How and why the feds killed a talk on Tor-hacking at Black Hat - floodcow
http://venturebeat.com/2014/08/06/how-why-feds-killed-a-talk-on-tor-hacking-at-black-hat-exclusive/

======
Karellen
"The feds put the hammer down — _most likely_ the National Security Agency.
[...] “So with this, the researchers suddenly can’t talk about it because of a
National Secrecy Order. [...] The source didn’t have first-hand knowledge of
this incident but based their assessment on knowledge of the NSA’s operation
and its background with Tor." (emphasis mine)

So, the author of the article doesn't actually _know_ "how"...

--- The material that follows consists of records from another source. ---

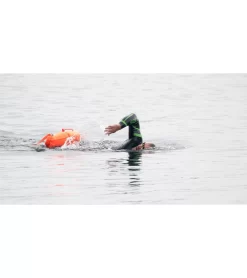 A high visibility inflatable dry bag perfect for keeping your kit dry while you swim. All our inflatable dry bags will easily support an adult’s weight if you need to rest. The 28L (6 gal) Dry Bag has enough space for your standard kit- towel, shoes, and clothes. The high flow nozzles inflate external chambers which are separate from where your kit is stored. It has a twin handle design with two nozzles for inflating and deflating.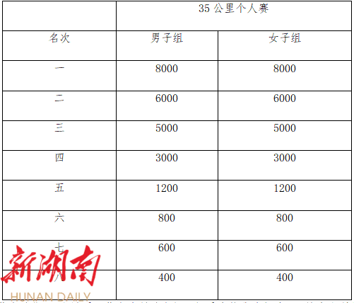 (二)本次比赛总奖金5万,比赛成绩以官方电子计时为准,采用枪声成绩,录取35公里个人赛男女前8名,其中前3名颁发奖杯。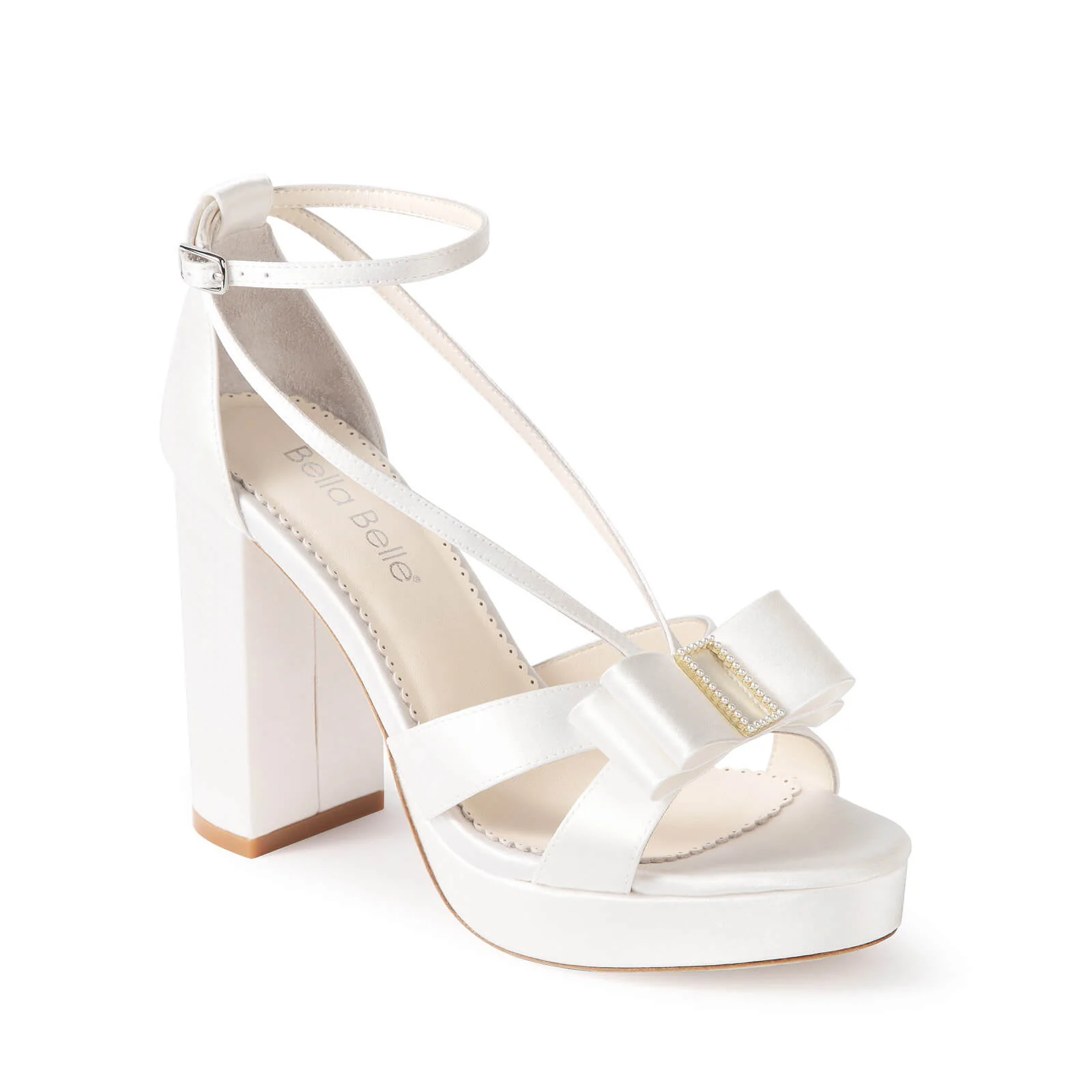 With a 4-inch heel and supportive ¾-inch platform, this design offers lift without strain. A folded bow accented with pearl hardware adds personality, and cushioned insoles plus adjustable straps keep every step comfortable.

"The NSA _likely_ put the screws to CMU to back off, the former intelligence
official said, and there are two _probable_ reasons: either to protect its own
use of Tor or to ensure that knowledge of how to crack Tor remains within a
more limited circle. Tor and its variants are used by U.S. intelligence case
officers operating in the field to communicate securely wherever they may be"

...or _why_ , to any great degree of certainty at all.

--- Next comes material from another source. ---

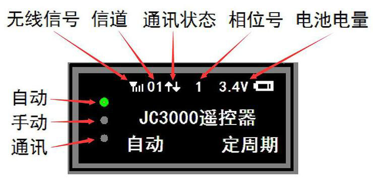 電源指示 | 自動(dòng)/手動(dòng) | 無線發(fā)送 | 主控發(fā)送 | 運(yùn)行狀態(tài) |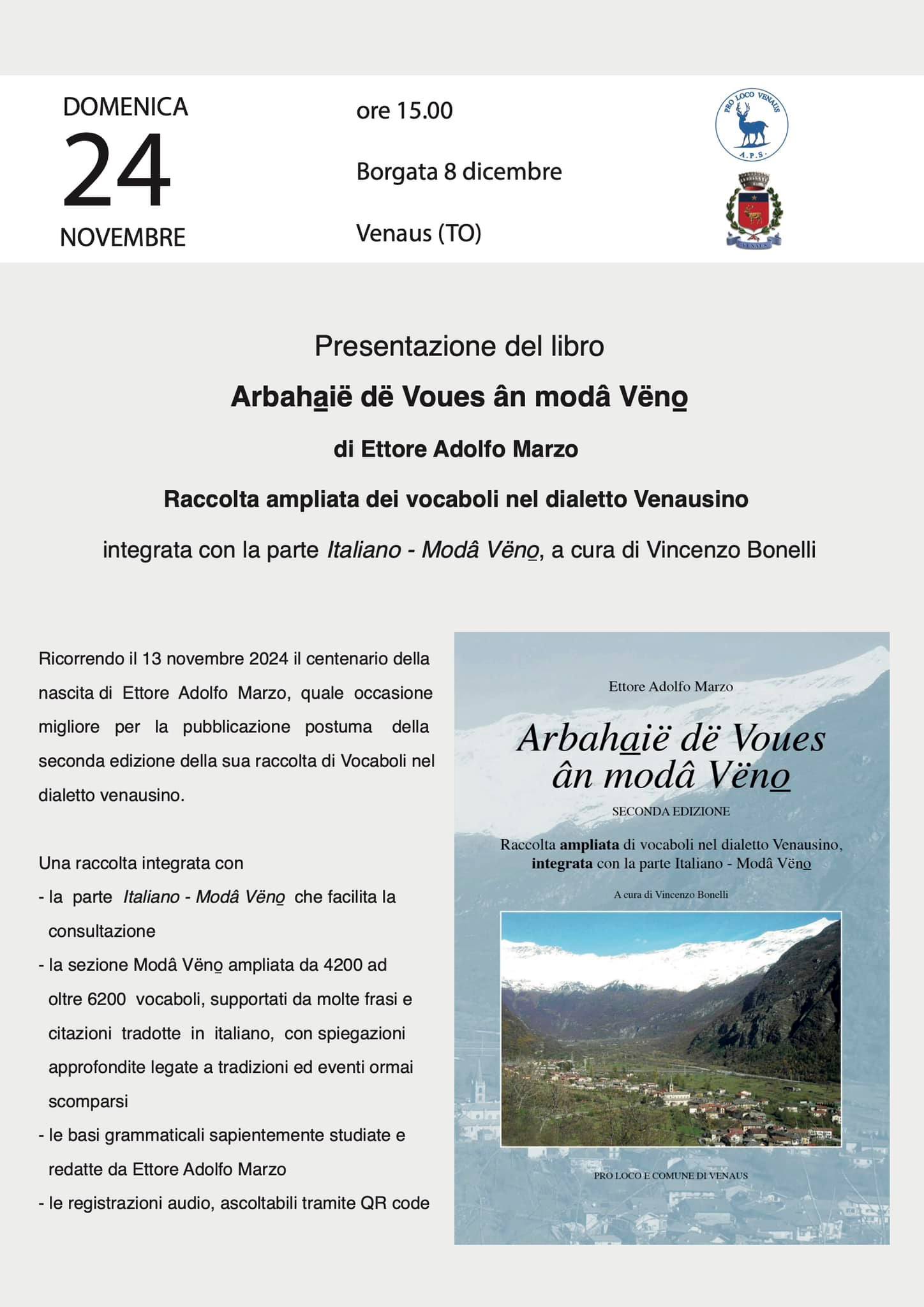 Sunday, November 24 at 03:00 pm at the multipurpose center presentation of the book "Arbahaië dë Voues ân modâ Vëno" by Ettore Adolfo Marzo.

Heck, almost anyone with some passing knowledge of the Snowden revelations
could have _guessed_ all of that. Yup, the talk was likely suppressed by the
NSA, with some kind of court order meaning the researchers can't talk about
it, either to protect a crack they're already using, or to stop others
cracking their own use of it.

Or, have I missed something, and is there an actual story there?